I was looking for images of custom builds/modifications to the Walther's kit "Allied Rail Rebuilders" . I didn't find much during an image search??
I would have thought I would find more. Anyone have some?
Brian
My Layout Plan
Interesting new Plan Consideration
Mine will be a machine repair shop to support the Hulett Ore Unloaders
Hulett_Machineshop by Edmund, on Flickr
Hulett_shop3 by Edmund, on Flickr
The actual Hulett machine shop looked pretty close:
Hulett_Machine by Edmund, on Flickr
I'm not going to chop out the front wall for the crane bridge, though.
Regards, Ed
Great start Ed!. Mine is still in the box, cellophane intact. Kind of like my eyes were bigger than my layout?
Mike.
My You Tube
mbinsewiGreat start Ed!
I recently picked up this steam hammer and annealing oven to try to squeeze in the shop, too.
https://www.goldenvalleyhobbies.com/80109-auhagen-ho-steam-hammer-and-accessories
Thanks, Mike Me too on the structures. They ALL look so cool.
Cheers, Ed
WOW, thanks gmpullman. That one video link posted lead me to your video on the Broadway Ltd turbine locomotive. What a great video and great layout you have.
https://www.youtube.com/watch?v=CJ73dotqoIU
Per my posting over on the 'steel mill scene' subject thread,...
B&O fabrication shop
One of those tracks also feeds a 'fabricator' of steel parts,...that is represented by the 'rail rebuilder kit' from Walthers with the addition of a outdoors overhead crane out front. This structure could alternately be that Vulcan manufacturing kit from Walthers. I just happen to run across this image and thought it added to the 'industrial image' I'm trying to establish there.

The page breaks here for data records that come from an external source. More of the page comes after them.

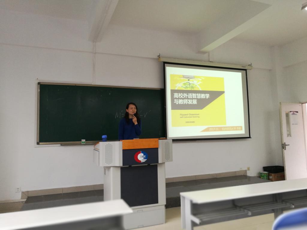2017年11月10日下午,杭州师范大学388vip太阳集团副经理李颖教授应邀来公司作了题为“高校外语智慧教学与教师发展”的讲座。外语公司经理戴运财教授、副经理杨玉兰教授及全体专任教师参加了本次讲座。
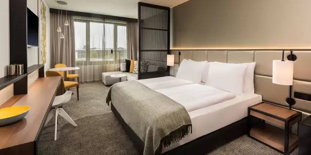 相比于彭特里奇Adina的离经叛道,德国法兰克福的这一家可以说是代表了Adina一贯的优雅舒适格调。大地色系是设计的主色调,黑、灰、棕带来知性整洁的高贵气息,分割得当的客房空间为生活起居做了有序的安排,公共空间配套餐厅、健身室为生活中的社交场景做了相应的功能补充。
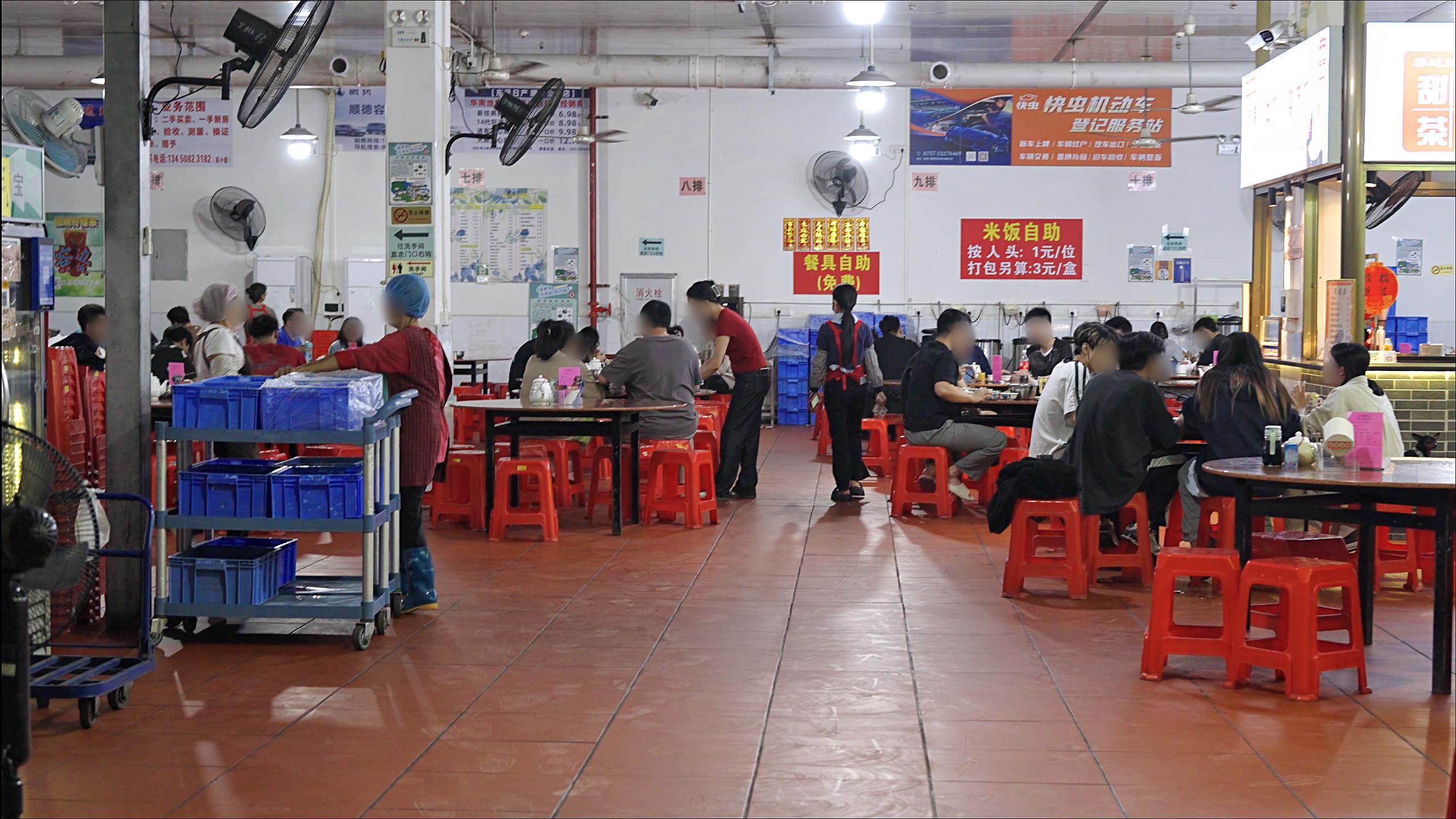 此时店里已经坐满了好几桌人,服务员忙碌地穿梭其中。店里的陈设很简单,餐桌是农村吃围餐时常见的圆形石桌,凳子则是大名鼎鼎的广东“省凳”——红胶凳,整个餐厅透露着一种独属于广东大排档的朴实无华。
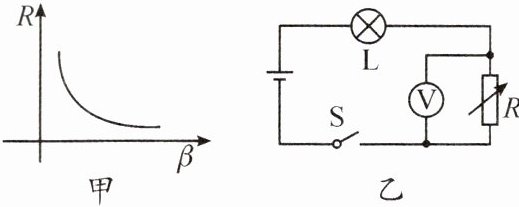 4. 如图甲所示为气敏电阻随有害尾气浓度$\beta$变化的曲线,某物理科技小组利用气敏电阻设计了汽车有害尾气排放检测电路,如图乙所示,电源电压恒定不变,R 为气敏电阻,L 为指示灯。当有害尾气浓度$\beta$增大时( )
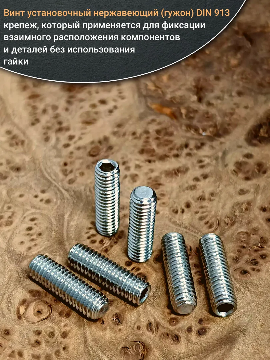 Винт установочный нержавеющий М8х16 DIN913 (гужон), 10 шт.
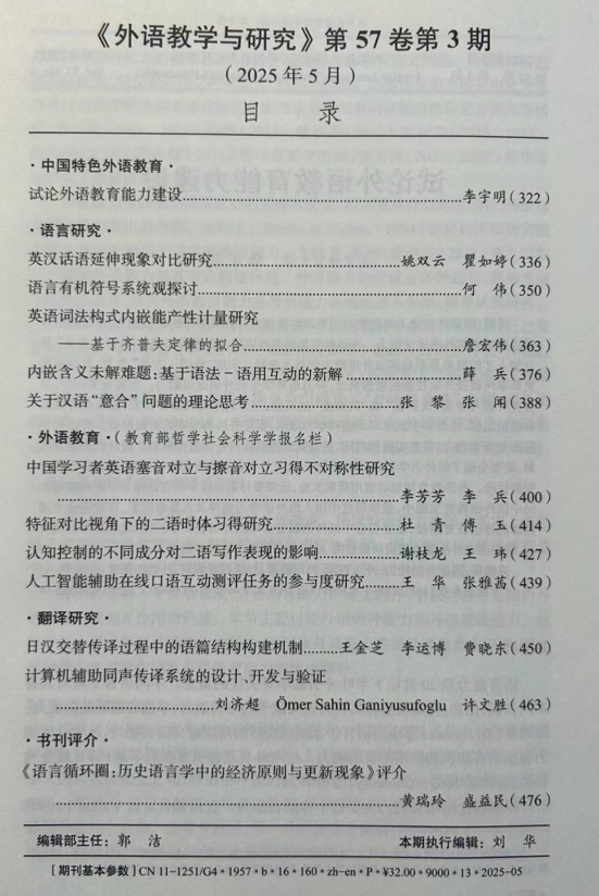 【应用外语学院】王金芝老师在权威期刊《外语教学与研究》发表最新研究成果
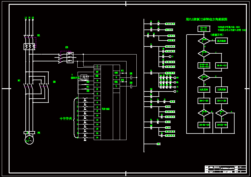 刀具库作为加工中心的辅助设备,在制造业中起着举足轻重的作用。刀具库由支架、驱动机构、传动系统、刀架、护罩、电气控制系统等部分组成。刀具的类型有盘式刀库、链式刀库等多种形式,刀库的形式和容量要根据机床的工艺范围来确定。本刀具储存系统的电气控制主要是对其货架进行运行控制和位置控制。运行控制包括运行设备的启动、制动控制。位置控制主要是对货架位置和地址进行检测。 本设计的刀库的作用是储备一定数量的刀具,刀具库中的刀具主要用于对工件的切、钻、铣、镗等的加工。XHAD—765加工中心的刀具库主要由电动机、制动器、减速器、槽轮机构、链轮链条组成。减速器是三级圆柱齿轮减速器,其结构紧凑、传动比大,均载效果好。做为动力源的电动机,要选择经济实惠的电动机;减速器中的轴与齿轮均要进行强度校核,轴按照计算弯曲应力来校核其强度;槽轮机构要选择适当的槽数与拨销数;链条链轮同样要选择好链轮的齿数;控制部分主要研究PLC在选刀方面的作用。
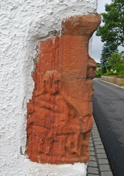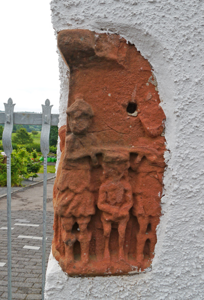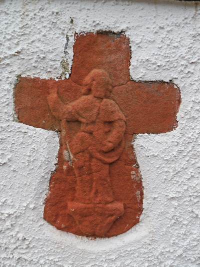 Am Eingang und innen an der Friedhofsmauer sind ehemalige alte Grabkreuze aus Sandstein in die Mauer integriert worden. Die meisten Kreuze oder Kreuzreste sind nicht mehr zu entziffern. Dennoch ist er Erhalt dieser früheren Kreuze sinnvoll. [1]
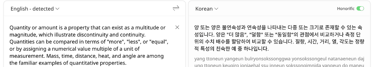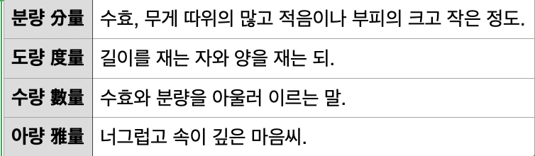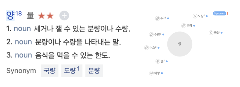사전을 찾아봅니다. 너무나 익숙한 개념인 양에 대해서 처음으로 깊이 생각하는 듯합니다. 사전 풀이에서 '세거나 잴 수 있는'이라는 말을 보니 묻따풀 과정에서 배운 '맛보는 일과 혀와 헤아리다'가 떠오릅니다. 분량과 수량이라는 이분법도 보입니다.
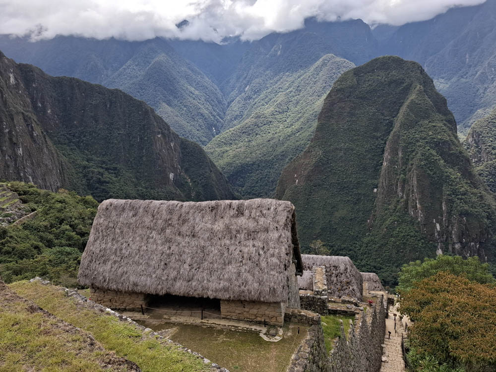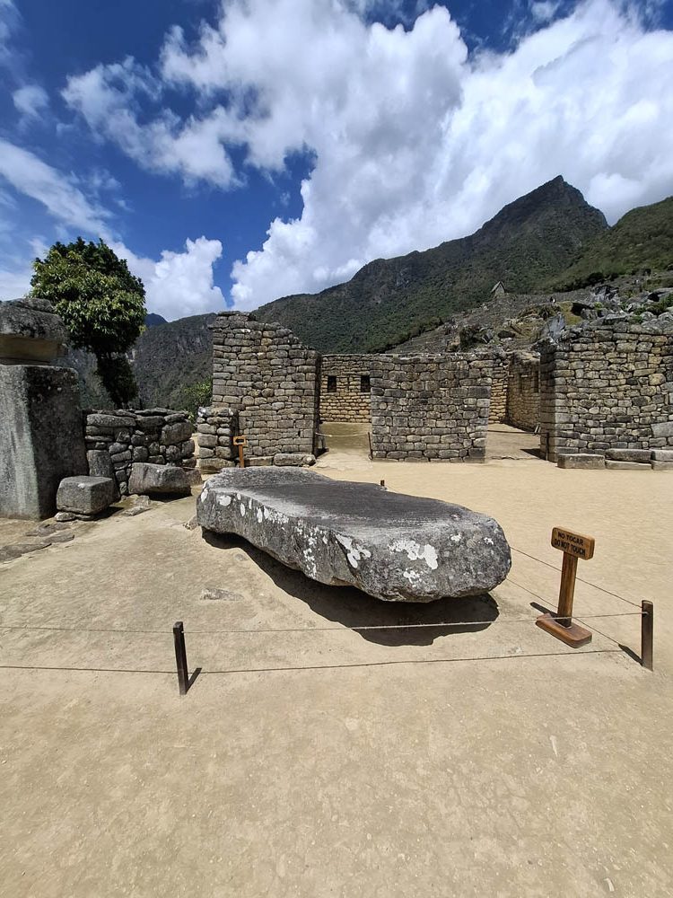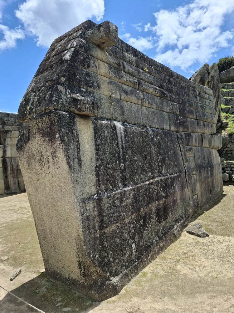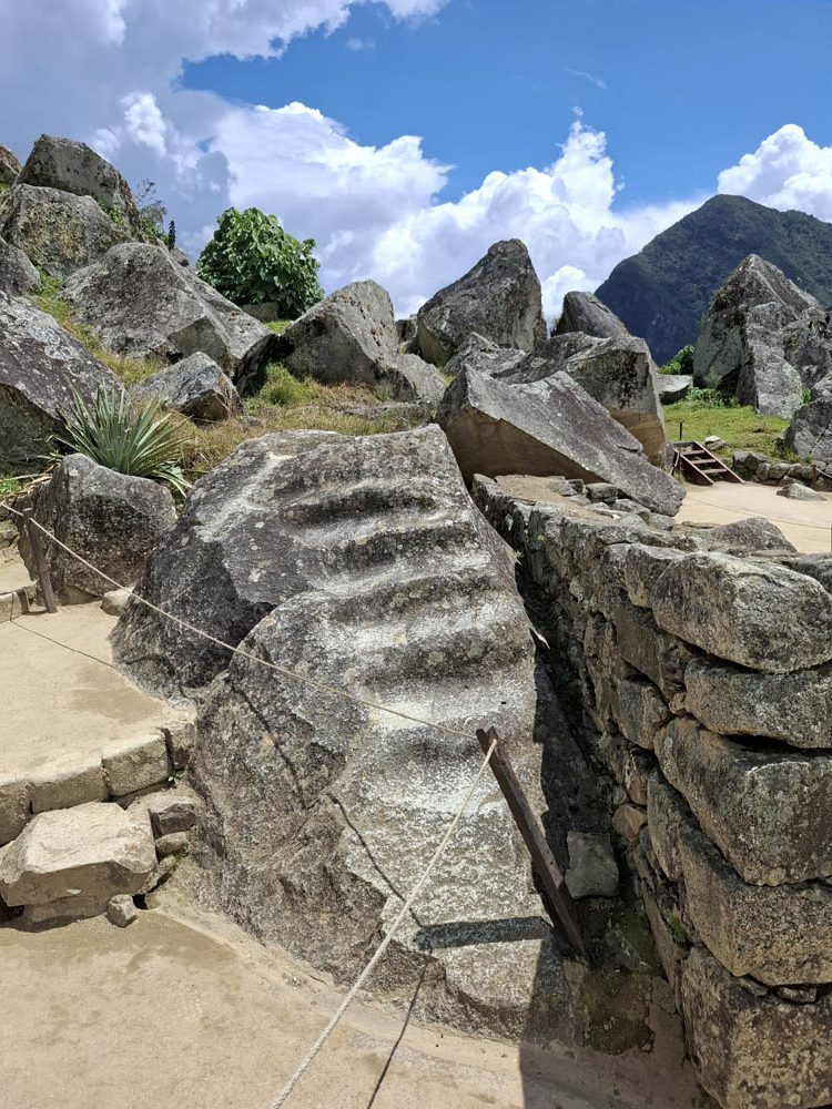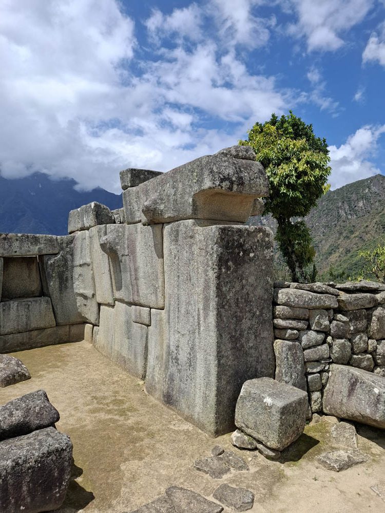 Przewodnik pokazywał nam ciekawsze budynki, które pełniły rolę np. świątyń czy obserwowania nieba. Większość budynków była dość niechlujnie zbudowana porównując to z idealnie dopasowanymi olbrzymimi blokami skalnymi, które widzieliśmy wcześniej w Ollantaytambo czy choćby na ulicach Cusco. Udało mi się dostrzec ledwie kilka fragmentów murów, które miały większą precyzję spasowania. Te podobno były pierwotne, oryginalne. Dużą część obiektów odbudowano, po wykarczowaniu dżungli, która porastała górę. Naprawdę trudno uwierzyć w to, że i jedne i drugie zbudowała ta sama cywilizacja. Jak dla mnie i dla yacoola jest tu więcej zagadek inżynieryjnych i architektonicznych niż sensownych odpowiedzi. Zbocza tworzą tarasy uprawne, które produkowały żywność w ilościach mogących wyżywić 4 tys. ludzi, a jednocześnie mówi się, że na stałe Machu Picchu zamieszkiwało ok 1,5 tysiąca osób. Były tu zaawansowane systemy nawadniające te zbocza. Stosowano systemy hydrauliczne, które w Europie opracowano dopiero 150 lat później.

So I think my 'fabricator' could be one that built and repaired steel railroad cars and steam engine parts.
Needs to have a small foundry on one side to account for the mutiple smoke stacks added to that one side of the original kit, and to account for some of those big parts on the steam locos.
And it might be nice to have a damaged (or newly built) B&O wagon-top caboose, or B&O wagon top box car out front, or along the side.
The steel B&O wagontop caboose,...
In the 1930’s the Baltimore & Ohio Railroad began experimenting with new car designs in an effort to save money and keep their own employees employed. One of the more successful designs, and one that became a signature design for the B&O, was the wagontop design. In 1935 and 1936, the B&O applied this design to about 7 cabooses and each had its unique traits. These first designs were classified as I-5. In 1941 the B&O applied an improved wagontop design to a new, all steel caboose and it became known as the I-12 wagontop caboose. In all, the B&O had 125 of these cabooses constructed in two separate batches http://www.springmillsdepot.com/i-12main.htm
In the 1930’s the Baltimore & Ohio Railroad began experimenting with new car designs in an effort to save money and keep their own employees employed. One of the more successful designs, and one that became a signature design for the B&O, was the wagontop design.
In 1935 and 1936, the B&O applied this design to about 7 cabooses and each had its unique traits. These first designs were classified as I-5. In 1941 the B&O applied an improved wagontop design to a new, all steel caboose and it became known as the I-12 wagontop caboose. In all, the B&O had 125 of these cabooses constructed in two separate batches
http://www.springmillsdepot.com/i-12main.htm
I have a number of these cabeese,...love the design.
I understand they were special reinforced steel design so pusher engines could be used with them.
Thanks, Brian!
Many railroads had to increase structural integrity of their cabooses for helper use. PRR had substantial vertical crash posts on their cabin cars, too. I recall there were some states that mandated a wood caboose could not be occupied while a helper was pushing. The helper would have to be cut-in ahead of the caboose. Wasting more time and you couldn't cut the helper off on the fly, either.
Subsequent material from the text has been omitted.